━━━ RECORD SET ━━━
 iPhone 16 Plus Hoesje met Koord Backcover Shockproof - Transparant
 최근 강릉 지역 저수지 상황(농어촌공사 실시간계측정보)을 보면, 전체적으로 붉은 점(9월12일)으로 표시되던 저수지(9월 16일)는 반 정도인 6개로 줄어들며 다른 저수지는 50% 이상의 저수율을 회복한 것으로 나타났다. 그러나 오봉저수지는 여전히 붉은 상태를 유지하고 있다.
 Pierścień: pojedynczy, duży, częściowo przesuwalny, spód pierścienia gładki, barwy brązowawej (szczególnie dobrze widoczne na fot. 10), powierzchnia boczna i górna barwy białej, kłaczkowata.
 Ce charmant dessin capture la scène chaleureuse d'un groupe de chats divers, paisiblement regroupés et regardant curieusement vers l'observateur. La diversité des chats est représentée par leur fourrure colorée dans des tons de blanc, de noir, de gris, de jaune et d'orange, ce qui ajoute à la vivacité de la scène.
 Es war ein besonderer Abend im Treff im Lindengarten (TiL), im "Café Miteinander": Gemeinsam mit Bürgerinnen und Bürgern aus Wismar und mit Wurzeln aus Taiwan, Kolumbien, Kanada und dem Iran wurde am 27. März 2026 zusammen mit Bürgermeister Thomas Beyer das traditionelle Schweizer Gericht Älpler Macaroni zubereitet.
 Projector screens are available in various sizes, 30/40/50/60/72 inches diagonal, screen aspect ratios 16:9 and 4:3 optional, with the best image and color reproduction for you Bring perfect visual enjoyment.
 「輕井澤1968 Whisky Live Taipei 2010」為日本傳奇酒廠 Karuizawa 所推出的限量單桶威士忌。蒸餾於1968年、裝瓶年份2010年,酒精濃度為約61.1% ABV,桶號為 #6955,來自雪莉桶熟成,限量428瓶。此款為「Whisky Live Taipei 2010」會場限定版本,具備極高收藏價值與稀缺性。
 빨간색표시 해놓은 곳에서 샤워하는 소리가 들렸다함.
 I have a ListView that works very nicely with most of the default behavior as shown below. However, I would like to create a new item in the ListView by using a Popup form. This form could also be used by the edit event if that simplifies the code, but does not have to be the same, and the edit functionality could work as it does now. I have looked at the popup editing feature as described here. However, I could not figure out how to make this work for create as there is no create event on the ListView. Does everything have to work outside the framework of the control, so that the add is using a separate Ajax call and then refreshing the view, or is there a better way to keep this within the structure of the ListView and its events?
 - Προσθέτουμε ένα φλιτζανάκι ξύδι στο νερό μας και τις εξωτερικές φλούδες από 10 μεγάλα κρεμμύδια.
━━━
**DIRECTIONS FOR THIS TASK:** Write all the data out again, word for word.

**THE COMPLETED TASK:**
 iPhone 16 Plus Hoesje met Koord Backcover Shockproof - Transparant
 최근 강릉 지역 저수지 상황(농어촌공사 실시간계측정보)을 보면, 전체적으로 붉은 점(9월12일)으로 표시되던 저수지(9월 16일)는 반 정도인 6개로 줄어들며 다른 저수지는 50% 이상의 저수율을 회복한 것으로 나타났다. 그러나 오봉저수지는 여전히 붉은 상태를 유지하고 있다.
 Pierścień: pojedynczy, duży, częściowo przesuwalny, spód pierścienia gładki, barwy brązowawej (szczególnie dobrze widoczne na fot. 10), powierzchnia boczna i górna barwy białej, kłaczkowata.
 Ce charmant dessin capture la scène chaleureuse d'un groupe de chats divers, paisiblement regroupés et regardant curieusement vers l'observateur. La diversité des chats est représentée par leur fourrure colorée dans des tons de blanc, de noir, de gris, de jaune et d'orange, ce qui ajoute à la vivacité de la scène.
 Es war ein besonderer Abend im Treff im Lindengarten (TiL), im "Café Miteinander": Gemeinsam mit Bürgerinnen und Bürgern aus Wismar und mit Wurzeln aus Taiwan, Kolumbien, Kanada und dem Iran wurde am 27. März 2026 zusammen mit Bürgermeister Thomas Beyer das traditionelle Schweizer Gericht Älpler Macaroni zubereitet.
 Projector screens are available in various sizes, 30/40/50/60/72 inches diagonal, screen aspect ratios 16:9 and 4:3 optional, with the best image and color reproduction for you Bring perfect visual enjoyment.
 「輕井澤1968 Whisky Live Taipei 2010」為日本傳奇酒廠 Karuizawa 所推出的限量單桶威士忌。蒸餾於1968年、裝瓶年份2010年,酒精濃度為約61.1% ABV,桶號為 #6955,來自雪莉桶熟成,限量428瓶。此款為「Whisky Live Taipei 2010」會場限定版本,具備極高收藏價值與稀缺性。
 빨간색표시 해놓은 곳에서 샤워하는 소리가 들렸다함.
 I have a ListView that works very nicely with most of the default behavior as shown below. However, I would like to create a new item in the ListView by using a Popup form. This form could also be used by the edit event if that simplifies the code, but does not have to be the same, and the edit functionality could work as it does now. I have looked at the popup editing feature as described here. However, I could not figure out how to make this work for create as there is no create event on the ListView. Does everything have to work outside the framework of the control, so that the add is using a separate Ajax call and then refreshing the view, or is there a better way to keep this within the structure of the ListView and its events?
 - Προσθέτουμε ένα φλιτζανάκι ξύδι στο νερό μας και τις εξωτερικές φλούδες από 10 μεγάλα κρεμμύδια.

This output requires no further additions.